Guess how much in fees I’ve charged from the clients to which I referred earlier? If you guessed more than zero, you’re wrong. You may think it’s bad business acumen to turn away projects that don’t make sense, but that’s a discussion for a different article. After looking over the sheets in as much detail as 15-30 minutes can give me, I’ve told the clients similar things. You really need a proper CRM; I have a friend who can help get you set up. You probably shouldn’t do that Apps Script because it’s liable to break and ChatGPT won’t be able to save you. You can’t do two-way syncing between a master and child spreadsheet in a way that resembles even a shadow of user-friendliness. Sure, I’d love to build this thing you’re asking for, but you’d be hamstringing your business even further and I don’t advise that.

The trouble is, by the time the spreadsheet is knocking against the ceiling of possibility and the client is coming to me for help, they often feel that it is insurmountable to shift things over to a new software. It would take a substantial interruption of operations or an investment of one person’s time and effort more than they can squeeze in order to get it done. Most small businesses don’t have a staff member — even someone in operations — dedicated to organising systems or managing migrations. There’s not enough work to justify a full-time salary. And contracting a consultant or software expert can be costly. I fully sympathise with the situation the businesses are in, and in all likelihood the One Spreadsheet will continue to Rule Them All.

For businesses that are not yet in this predicament but can see some of the symptoms emerging, my advice is to think critically about whether a spreadsheet is really the right tool for that next feature you want to add. Even half an hour of considered research into the different softwares available will get you further than most people. Watch a couple YouTube tutorials and see if you like the user interface.
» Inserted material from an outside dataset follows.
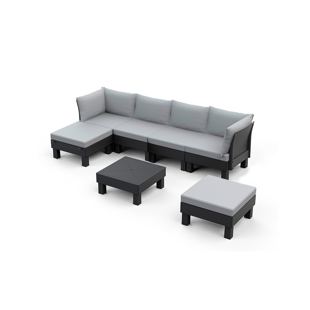 Keter Elements IV 6 személyes kerti bútor garnitúra grafit – modern, moduláris és kényelmes megoldás minden kültéri térbe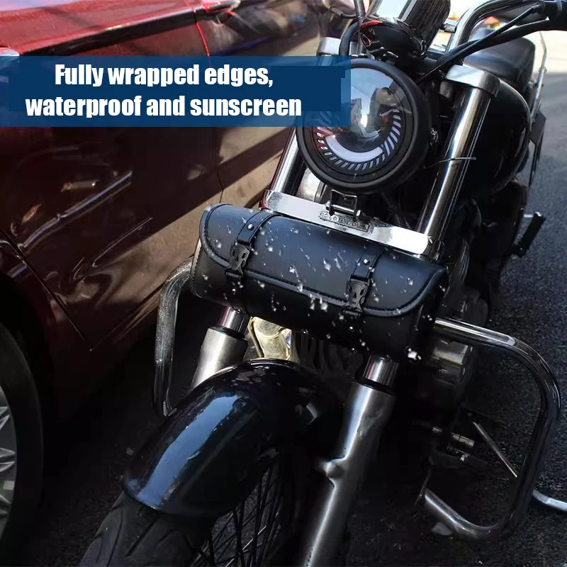 Универсальная боковая сумка для хранения мотоцикла | Водонепроницаемая кожаная седельная сумка (передняя вилка/руль) | Оснащен быстросъемными ремнями.

Check the pricing page and see if you can fit it into your budget. The more you do this, the more you will start to get a feel for the software landscape, and the next time you think to add something to the spreadsheet, you might get a healthy little alarm bell in your head that says “maybe it’s time”.
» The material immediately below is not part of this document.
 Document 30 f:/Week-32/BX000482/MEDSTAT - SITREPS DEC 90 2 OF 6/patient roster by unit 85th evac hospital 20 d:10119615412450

If you want your spreadsheet to send you an email each time a status column dropdown menu contains a certain value, it might be time to go. If you’ve Googled around a bit for a solution to a problem and the only answer is Apps Script and you’ve never coded in your life, it’s probably time to go. If you start a new tab and the automatic name is Sheet53, it’s definitely time to go.

Expand your toolkit beyond the hammer and reap the rewards of well-structured business systems that can last long into the future.